Bruised around the eyes and relying on corrections officers to keep him steady on his feet, 31-year-old Stacey Allen Graham appeared in jail court Tuesday facing charges he killed two 15-year-old girls in a drunken crash Friday night.
Family members of Brooke McPheters and Jordyn Durr wore pink and black ribbons and filled the back row of the small courtroom. A family representative said they wished not to speak publicly. The girls' mothers squeezed hands during the court proceedings. A uniformed Anchorage Police Department chaplain left with the families.
Stacey Graham's parents sat in the front row of courtroom. Their son looked up to make eye contact with them only once.
Prosecutor Aaron Peterson asked Judge Jennifer Henderson to raise Graham's bail from $75,000 to $500,000 cash, but Henderson said $100,000 cash would be more in line with similar cases. He was appointed a public defender after he said his income was variable because of his commission sales job.

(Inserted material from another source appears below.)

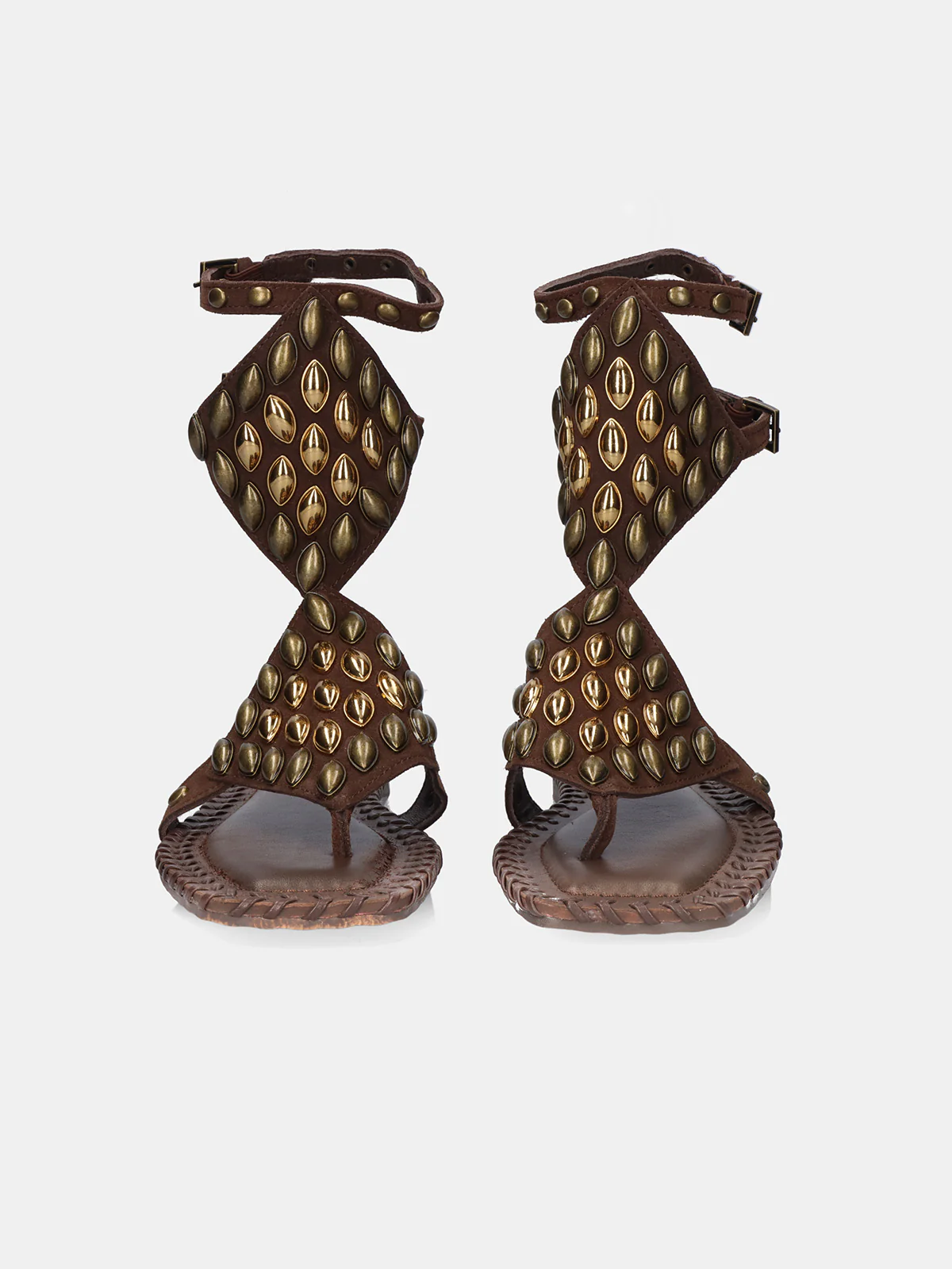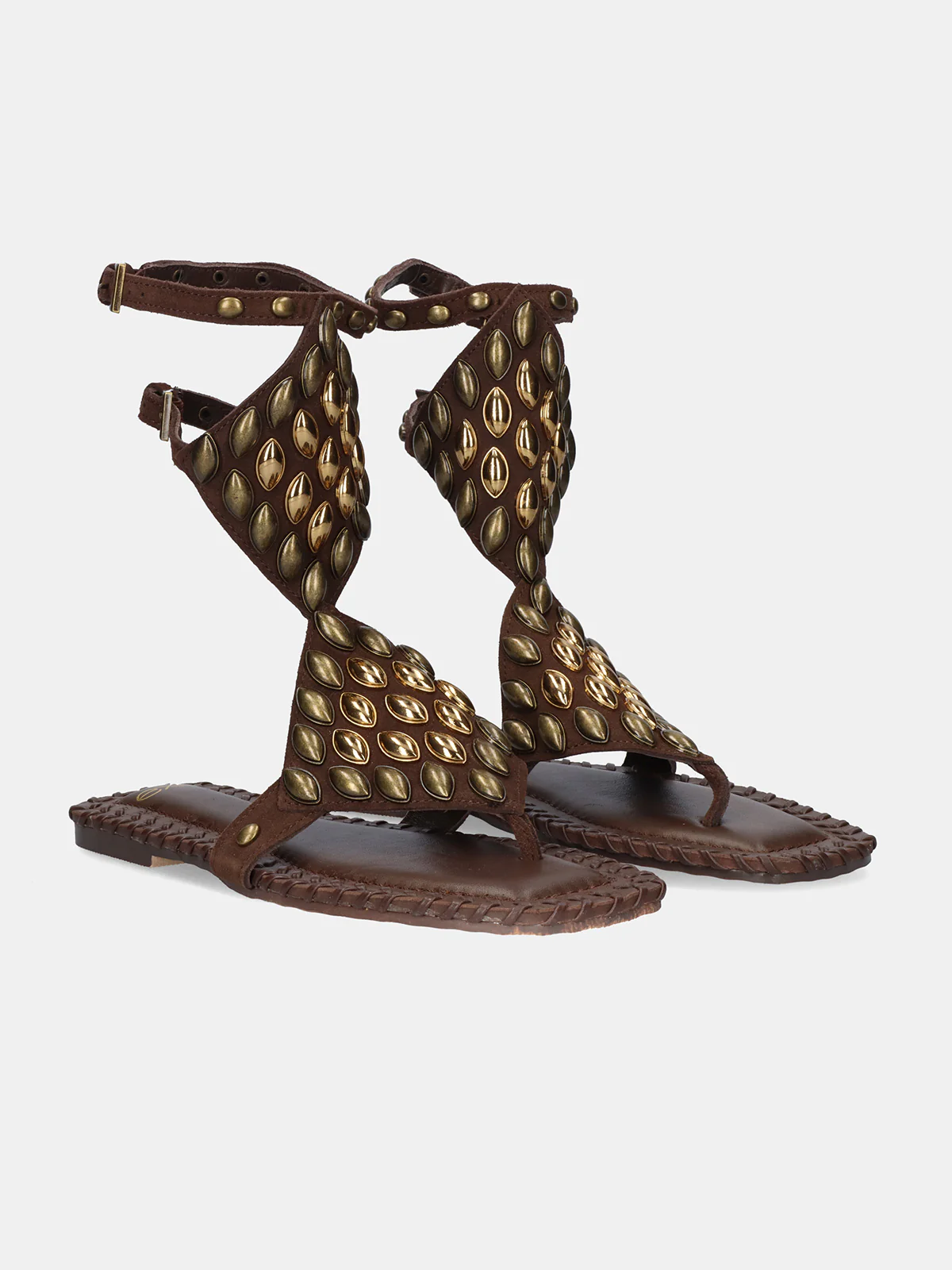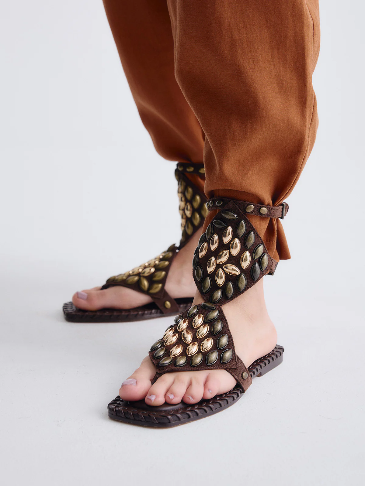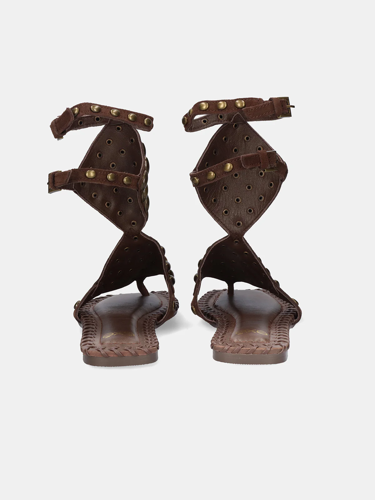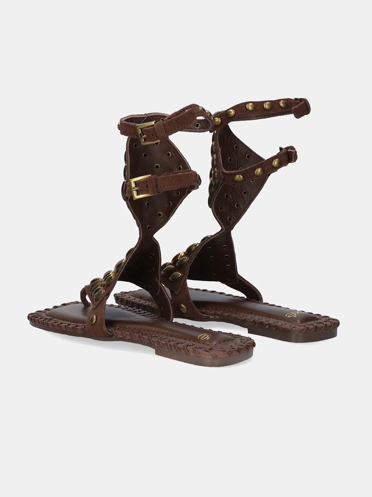 Carattere e naturalezza in perfetto equilibrio. Questi sandali bassi in pelle marrone con borchie reinterpretano un classico con un tocco moderno e pieno di personalità.

Graham was arrested Monday night upon his release from the Alaska Native Medical Center, where he had been receiving treatment for injuries from Friday's accident, said Anchorage Police Department spokeswoman Dani Myren.
Police waited until doctors cleared Graham medically to serve him with an arrest warrant, she said.
Graham had a blood-alcohol content of three times the legal limit when he lost control of his truck while speeding around a curve in Abbott Road, police have said.
Investigators are just beginning to piece together what happened in the hours leading up to the crash.
Graham attended a golf tournament at Eagleglen Golf Course on Joint Base Elmendorf-Richardson hosted by his employer, Puget Sound Pipe and Supply, on Friday, said company spokesman Steven Lewis from company offices in Kent, Wash.
People drink at the tournament, Lewis said. He said he couldn't say whether Graham drank at the event.
The event ended at 2:30 p.m., Lewis said. The accident happened around 6:45 p.m., police have said.
A traffic investigator assigned to the case didn't return phone calls Tuesday.
The crash was Anchorage's second fatal DUI of 2013.
On June 30, police say, Lane Douglas Wyatt, 22, an airman at Joint Base Elmendorf-Richardson, was driving northbound on Boniface Parkway just before 5 a.m. when he ran a red light at the intersection with DeBarr Road and "T-boned" a car driven by Citari Townes-Sweatt, who died at the scene. He admitted to drinking beer and taking shots at an Anchorage bar earlier that night, according to court documents.
Her family said in an obituary that Townes-Sweatt, 20, was a "loving daughter, sister, auntie, and granddaughter" who worked at Costco.
Wyatt faces charges including second degree murder.
Graham's next court appearance is scheduled for Thursday, August 15.